Гатамхан-ага. Как? Мусье Жордан хочет увезти Шахбаза в Париж? Кто это сказал?
Шахрабану-ханум. Я сказала. Да и сам Шахбаз говорил Шарафнисе.
Гатамхан-ага (с деланным смехом). Ха-ха-ха! Шахбаз знает, что у твоей дочери чувствительное сердце, вот он и пошутил. А Шарафниса загрустила. Ха-ха-ха! У матери с дочерью ума ни на грош. Каждый пустяк выводит вас из себя.
Шахрабану-ханум (кричит). Для тебя все пустяк! Малый он неопытный, может, этот франк разными рассказами затуманил ему голову. Ты — мужчина. Ничего с тобой не сделается, если позовешь их обоих и спросишь, что это значит и что за разговоры.
Гатамхан-ага. Хорошо, жена, только не кричи, ради аллаха.
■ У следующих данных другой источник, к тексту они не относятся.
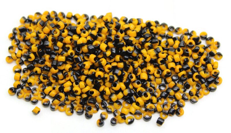 11/0 Yellow-Black Striped Seed Beads, 20/50/100 Grams Packs, Embroidery Beads, Jewelry Beads, Craft Supply, Rondelle Beads, Indian Seed Beads, 512/20.
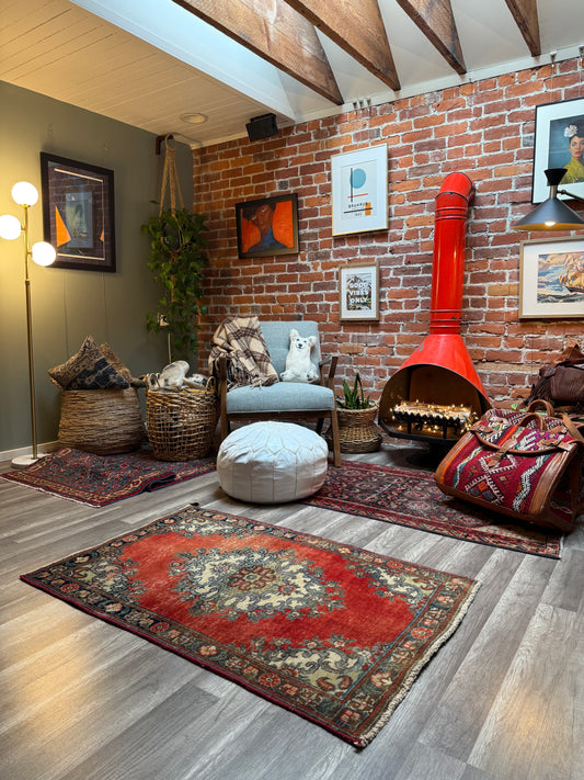 Velvet & Shag offers a delightful assortment of Turkish, Persian, Moroccan, & Afghan rugs for your choosing in a variety of sizes from minis to runners to area rugs. Most of them are vintage being at least twenty years old. However, we do supply a limited number of modern rugs, as well. If you are having a hard time pinning down the size or style that you're looking for, start by scrolling our entire selection below. If you still can't decide or don't see what you want, then please message us to assist you with your hunt in finding you the perfect floor art for your space.

Сейчас я позову их и при тебе же расспрошу. Только ты не кипятись.
ЗанавесДЕЙСТВИЕ ВТОРОЕ
Происходит в тот же день в первой комнате. Весь пол комнаты устлан коврами, в одном углу сложены мешки с мукой, в другом — бурдюки с маслом, тюки с шерстью. Гатамхан-ага сидит в глубине комнаты на ковре, справа от него сидит его жена Шахрабану-ханум в белом головном платке, прикрывающем нижнюю часть лица. Напротив Гатамхан-аги сидит, положив ладонь на рукоять кинжала, Шахбаз-бек и ждет с нетерпением, что скажет его дядя. Слева от него сидит на покрытом ковром тюке шерсти, перекинув ногу за ногу, мусье Жордан в европейском костюме, с непокрытой головой и курит сигару. Старшая дочь Гатамхан-аги Шарафниса-ханум заблаговременно пробралась тайком за ковровый занавес, за которым сложены тюки с шерстью, и подслушивает. Гатамхан-ага обращается к мусье Жордану.
Гатамхан-ага. Господин ученый, до меня дошли слухи, что ты хочешь повезти нашего Шахбаза во Франкистан, правда ли это?
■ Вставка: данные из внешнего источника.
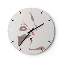 Väggklocka - Klocka på glas - Ett minimalistiskt porträtt av en kvinna i beige nyanser. - 30x30cm - Skapad av ljus och skugga - Modern väggdekoration för vardagsrum, kök och sovrum ARTTOR

Мусье Жордан. Да, Гатамхан-ага. Я об этом сам с вами хотел поговорить. Жаль, если такой способный и образованный молодой человек, как Шахбаз-бек, не будет знать французского языка. Я обещаю повезти его в Париж, обучить французскому языку и отправить обратно. Ему очень хочется знать французский язык, и он быстро его усвоит. Даже теперь, общаясь со мной, он уже выучил несколько фраз.
Гатамхан-ага (обращается к Шахбаз-беку). Правда, Шахбаз, что ты хочешь поехать в Париж?
Шахбаз-бек. Да, дядюшка, если на то будет ваше согласие, я поеду с мусье Жорданом, а потом уж сам вернусь обратно.
Гатамхан-ага. Но для чего это, сын мой?
Шахбаз-бек. Чтобы выучить французский язык, дядя.
Гатамхан-ага. На что тебе французский язык, милый? Тебе нужны арабский, персидский, азербайджанский и русский языки, а их ты уже изучил в школах, о которых позаботилось правительство.
Шахбаз-бек. Французский язык мне очень нужен, дядя. В прошлом году, когда вы посылали меня в Тифлис получить разрешение на прорытие канала, сын Аллахверди-бека, Тарверди-бек, который изучил в Варшаве французский язык, пользовался большим уважением, чем я, хотя, кроме французского и азербайджанского, никакого другого языка не знал.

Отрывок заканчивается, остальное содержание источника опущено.